Had atau definisi dalam keragaman bentuknya terbagi kepada aqliyah dan sam’iyah
(menurut apa yang didengar dalam suatu bahasa). Dalam bahasan lain ini yang dituju
adalah had dalam artian sam’iyah. Di antara had sam’iyah itu ada yang berbentuk
zhannii. Terkadang di antara dua had sam’iyah terdapat perbenturan, dalam
penyelesaiannya berlakulah tarjih sebagai berikut:
1. Satu di antara had tersebut mengandung lafaz-lafaz yang sharih. Lafaz-laafaz
tersebut sesuai dengan tujuan yang dituntut tanpa mengandung arti majaz, tidak
isytirak dan tidak pula gharib; sedangkan yang satu lagi mengandung hal-hal
tersebut. Had dalam bentuk ini lebih kuat karena lebih dekat dengan pemahaman
dan lebih terjauh dari kesalahan.
2. Muarraf (definendum) salah satu had tersebut lebih diketahui dari muarraf had
yang satu lagi. Had yang muarraf-nya lebih dikenal lebih kuat karena lebih
membawa kepada maksud ta’rif (definisi).
3. Salah satu di antaara had tersebut didefinisikan dengan hal-hal yang bersifat dzati
sedangkan yang sau lagi didefinisikan bersifat ardhi (menggunakan sifat
tambahan). Had yang didefinsikan dengan dzattiyat lebih utama dari pada yang
mengandung sifat ardhiyat.
4. Salah satu di antara dua had itu lebih umum ibandingkan dengan yang lain. Had
yang lebih umum dianggap lebih kat karena dpat pula menjangkau kepada
muarraf yang lain.
5. Salah satu di antara dua had itu mengandung unsur dzatiyat seluruhnya,
sedangkan yang lainnya sebagian saja dari unsur dzatiyat.
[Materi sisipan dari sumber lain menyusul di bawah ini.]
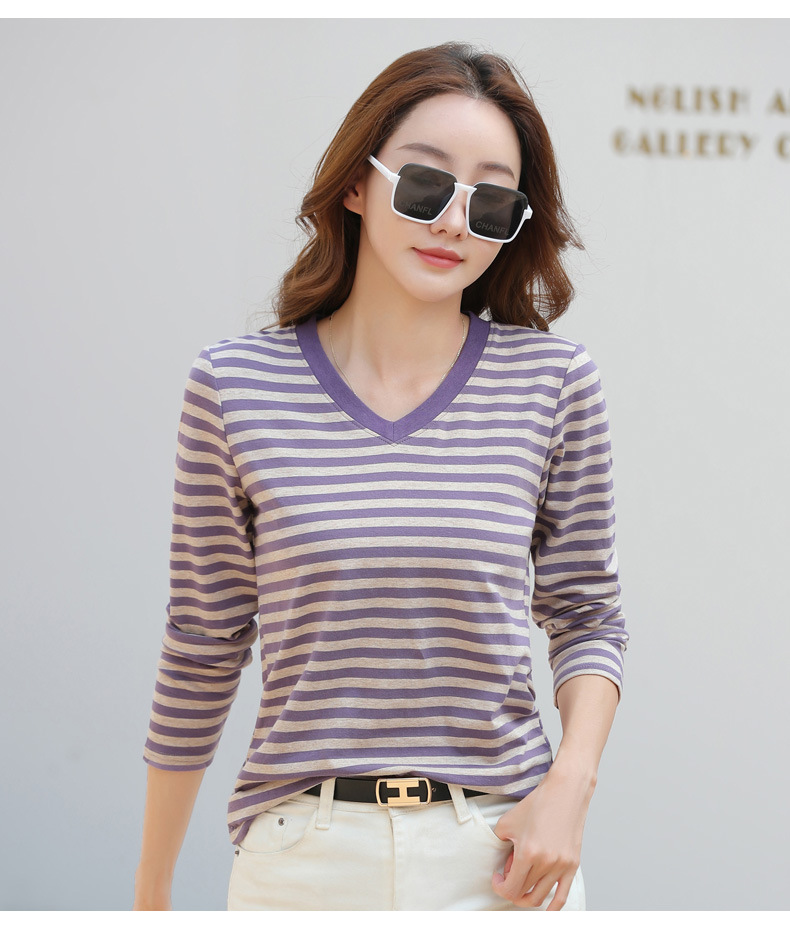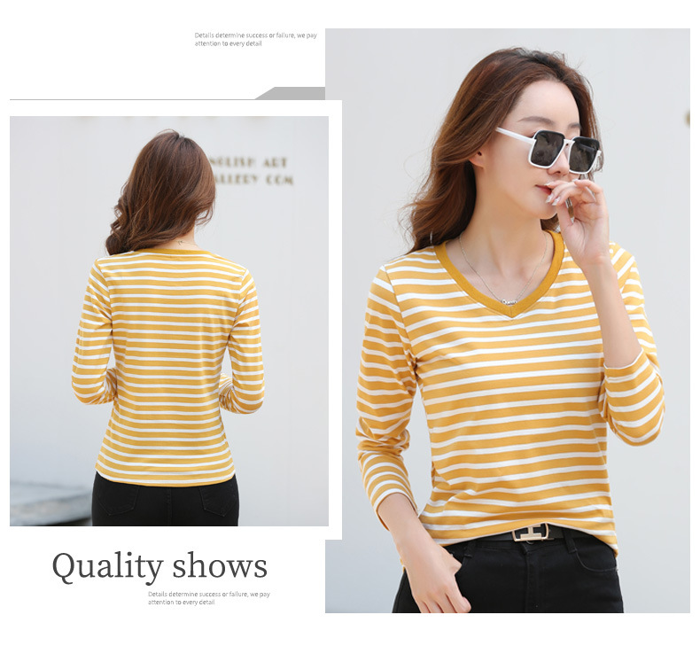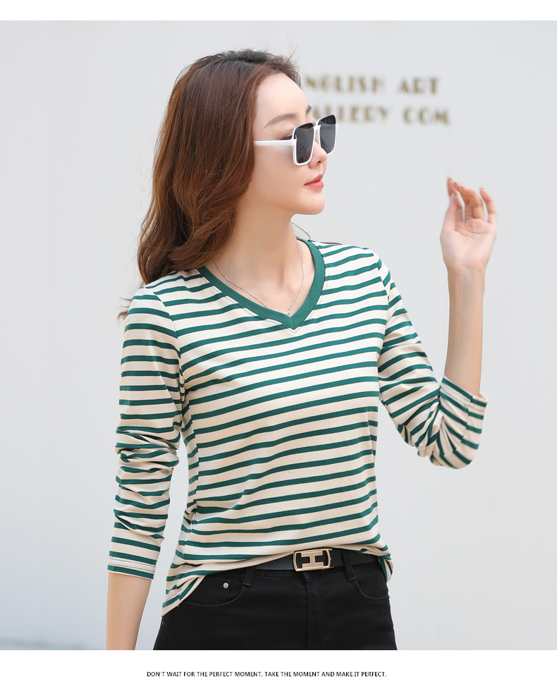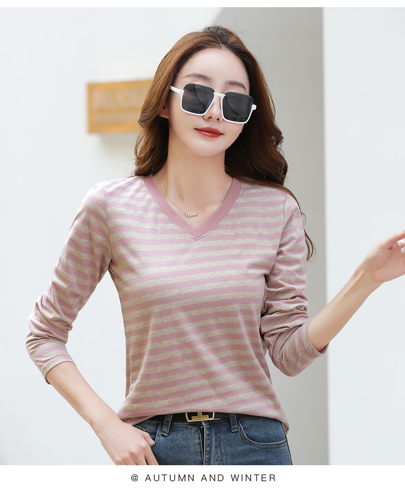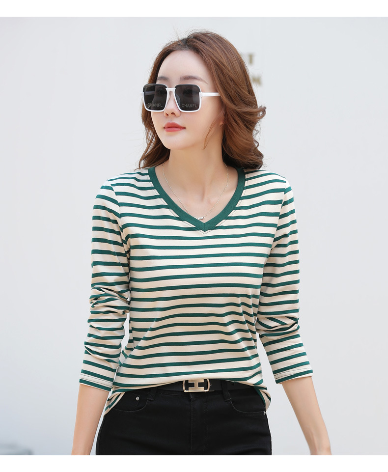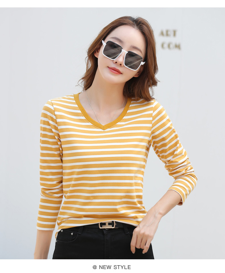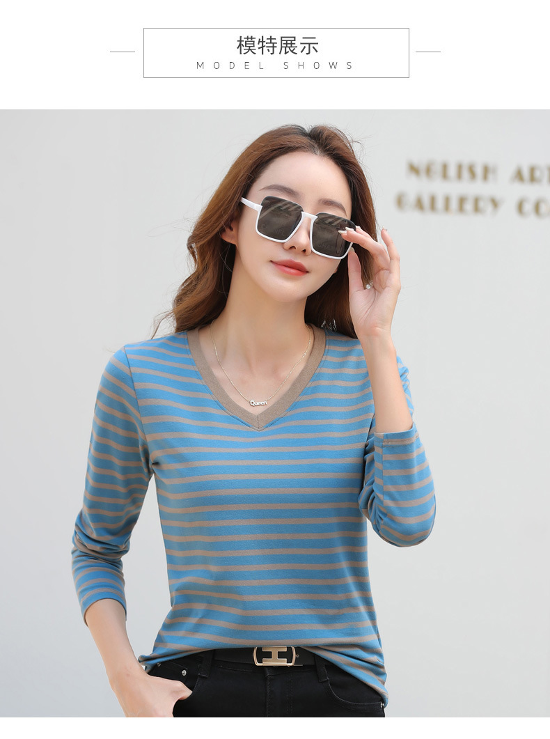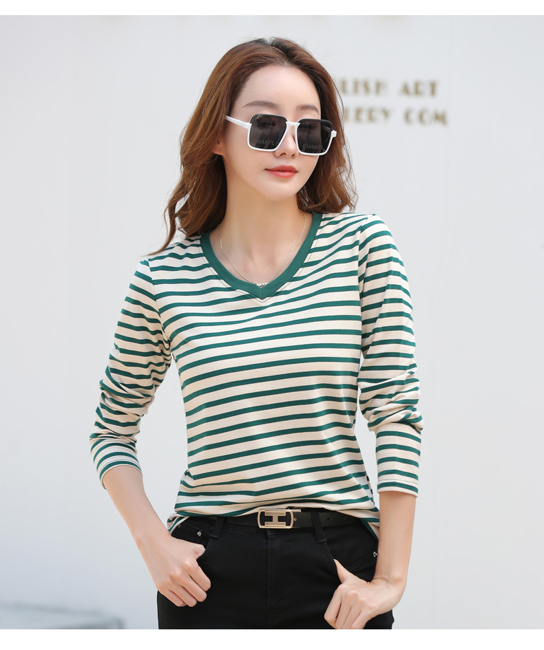 379 Женская универсальная Базовая рубашка в полоску с длинными рукавами для осени и зимы, приталенная Винтажная футболка контрастного цвета в полоску с V-образным вырезом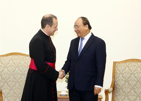 | Le Premier ministre Nguyên Xuân Phuc (droite) et le sous-secrétaire du Vatican pour les relations avec les États, Mgr. Antoine Camilleri, le 18 janvier à Hanoï. |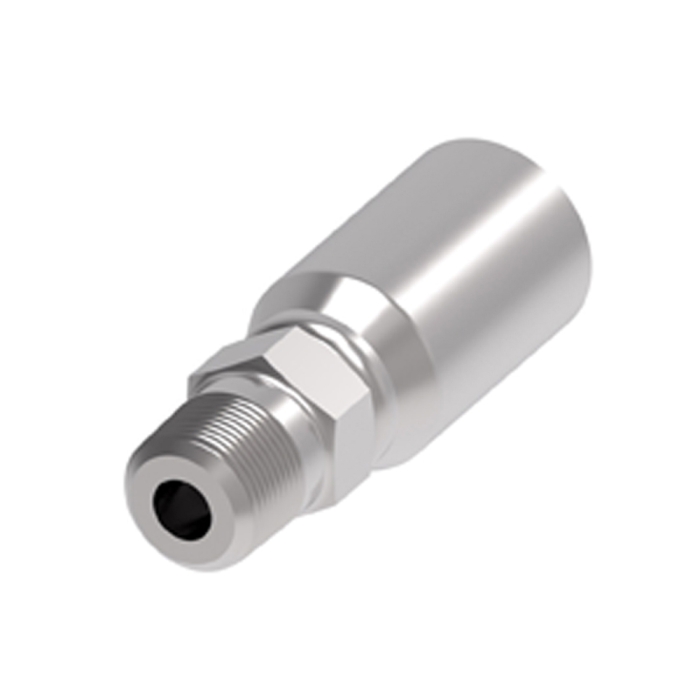 Aeroquip® 100R14A Rigid Crimp Straight Hose Fitting, Coll-O-Crimp E Series, Hose Connection: 1/4 in, Connection Type 1: Hose, Connection Size 1: 1/4 in, Hose Dash Size: 04, Connection Type 2: NPTF, Gender 2: Male, Connection Size 2: 1/4 in, Nominal Size: 1/4 in, Thread Size 2: 1/4-18, Hex Size: 9/16 in, 9500 psi, Cut-Off Factor: 0.95 in, Carbon Steel, Finish: Zinc Clear Trivalent Chromate, For Use With: H009, H209, H243, H265, H275, H277, H285, H435, H436, S-TW, and SC-TW Series PTFE Hoses, Dimensions: 1.79 in L x 0.57 in W x 0.57 in H
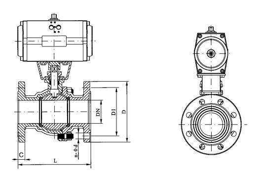 氣動防爆法蘭球閥主要外形及連接法蘭尺寸(4.0MPa)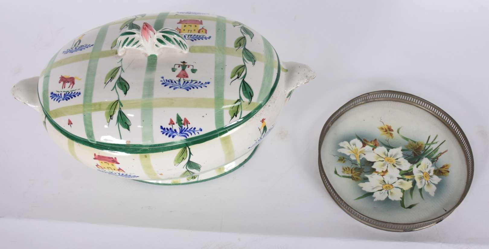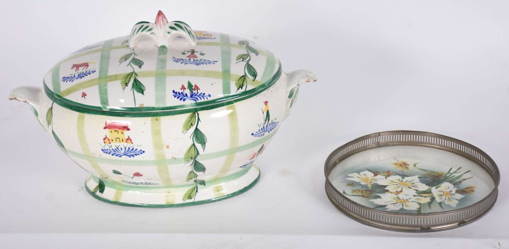 Diversas peças, sendo balança com dois pratos e estojo de madeira com pesos, 2 estribos para montaria de metal, vaso ...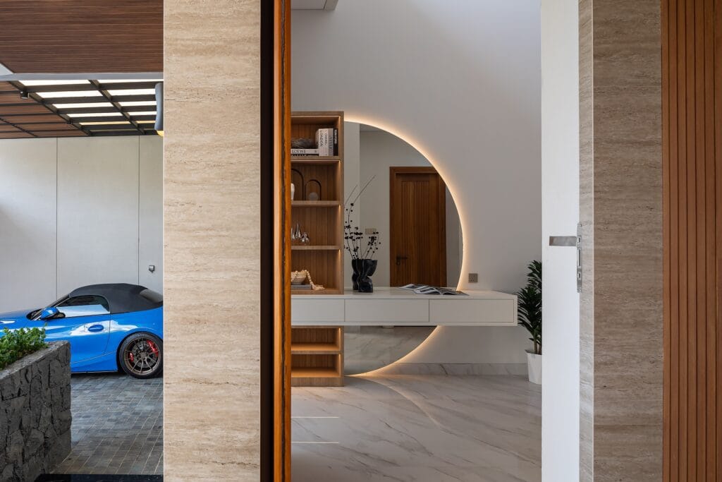 Tantangan berikutnya adalah menghadirkan kesan mewah tanpa kehilangan kehangatan. Melalui perencanaan yang matang dan kontekstual, solusi diwujudkan dengan kombinasi material kayu natural, batu alam bernuansa terang, dan furnitur bernada clean. Terlihat juga lengkungan pada elemen dinding dan cermin menjadi aksen visual yang lembut, memperhalus transisi antar ruang. Pendekatan ini umum diterapkan apalagi untuk daerah di Solo, Solo Baru, Sukoharjo, Karanganyar, Sragen, Klaten yang dirasa cukup panas di dalam rumah. Apalagi bagi orang yang mencari kemewahan yang ditampilkan secara tidak berlebihan, melainkan hadir lewat proporsi, detail, dan kualitas material.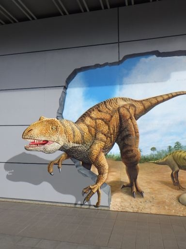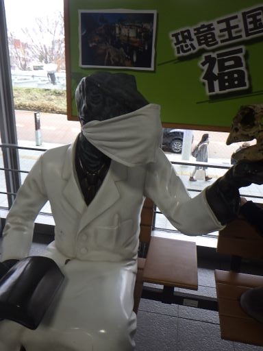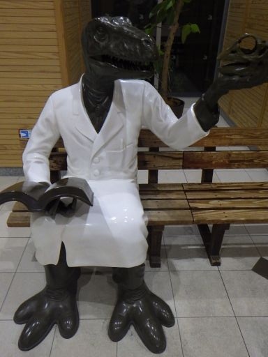 バスセンターのベンチにも恐竜の人形があった。- 旅行時期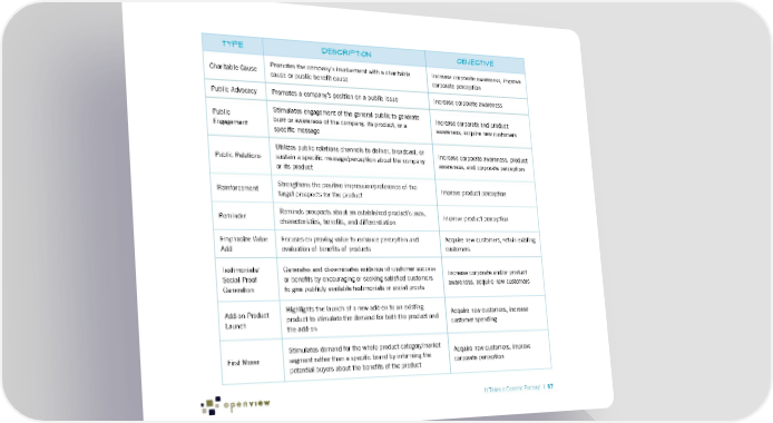 Type Description Objective Charitable Cause Promotes the company’s involvement with a charitable Increase corporate awareness, improve cause or public benefit cause corporate perception Public Advocacy Promotes a company’s position on a public issue Increase corporate awareness Public Stimulates engagement of the general public to generate Increase corporate and product Engagement buzz or awareness of the company, its product, or a awareness, acquire new customers specific message Utilizes public relations channels to deliver, broadcast, or Increase corporate awareness, product Public Relations sustain a specific message/perception about the company awareness, and corporate perception or its product Reinforcement Strengthens the positive impression/preference of the Improve product perception target prospects for the product Reminder Reminds prospects about an established product’s uses, Improve product perception characteristics, benefits, and differentiation Emphasize Value Focuses on proving value to enhance perception and Acquire new customers, retain existing Add evaluation of benefits of products customers Testimonials/ Generates and disseminates evidence of customer success Increase corporate and/or product Social Proof or benefits by encouraging or seeking satisfied customers awareness, acquire new customers Generation to give publicly available testimonials or social proofs Add-on Product Highlights the launch of a new add-on to an existing Acquire new customers, increase Launch product to stimulate the demand for both the product and customer spending the add-on Stimulates demand for the whole product category/market Acquire new customers, improve First Mover segment rather than a specific brand by informing the corporate perception potential buyers about the benefits of the product It Takes a Content Factory! | 87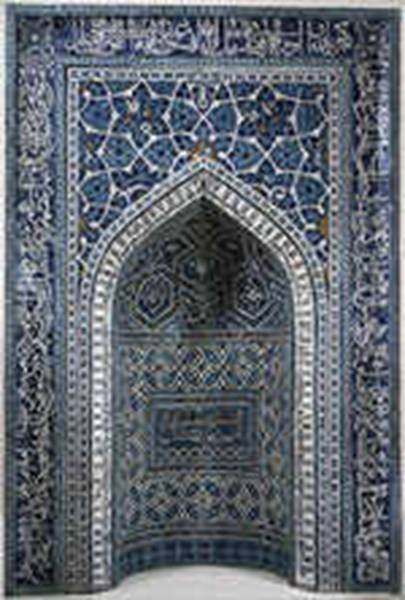 преимущественное развитие как переносной – деревянный, керамический либо изображенный на молитвенном ковре. Вогнутый михраб (в форме глубокой сводчатой ниши) впервые был устроен около 709 г. в мечети Хаарам в Медине (основана в 656 г. на территории дома Мухаммада), заново сооруженной в 707-709 гг. коптскими и византийскими мастера-ми; предположительно обозначал местонахождение пророка во время ведения им ритуала молитвы. После 709 г. михраб стал обязательным признаком мечети. Обычно он выделялся в интерьере освещением и нарядным декором, снаружи – выступом ниши; нередко перед михрабом возводился купол с фонарем или с окнами в барабане. Центральный вход и михраб непременно украшаются графическими изображениями. В помещении ниша - михраб, около нее ставится кафедра проповедника - минбар. Обычно он располагается справа от михраба и является привилегией только пятничной мечети (джами). В небольших населенных пунктах мечети могли его не иметь. Минбар обычно похожая на трон кафедра (иногда под балдахином) открыта на спускающуюся в зал лесенку с перилами и декоративным порталом

Had yang
menggunakan unsur dzatiyat keseluruhannya itu dinyatakan lebih kuat ketimbang
yang lain karena lebih tinggi mutu definisinya.

BAB III

SIMPULAN DAN SARAN

F. Simpulan

Dari berbagai penjelasan yang telah penulis paparkan di bab sebelumnya, penulis
dapat menyimpulkan bahwa:
1. Tarjih adalah ungkapan mengenai diiringinya salah satu dari dua dalil yang pantas
yang menunjukkan kepada apa yang di kehendaki disamping keduanya
berbenturan yang mewajibkan untuk mengamalkan satu di antaranya dan
meninggalkan yang satu lagi;
2. Uraian sebelum ini adalah tentang hal-hal yang dapat dijadikan indikator dalam
menetapkan mana yang terkuat diantara dua dalil yang berbenturan untuk
menngetahui mana yang rajih untuk diamalkan dan mana yang marjuh untuk
selanjutnya tidak boleh diamalkan;
3. Indikator yang disusun daalam bentuk kriteria atau alat ukur untuk menyatakan
bahwa salah satu di antaara dua dalil yang berbentran itu adalah lebih kuat. Alat
ukur ini tentunya dalam bentuk sesuatu yang pasti dan dapat diterima oleh semua
pihak;
4. Kriteria ataau alat ukur yang digunakan untuk menilai yang rajih dari dua dalil
yang berbenturan yang sudah dirumuskan oleh ulama terdahulu masih ada yang
perlu disempurnakan sehingga usaha tarjih yang dilakukan dapat menyelesaikan
masalah dan tidak menimbulkan masalah baru.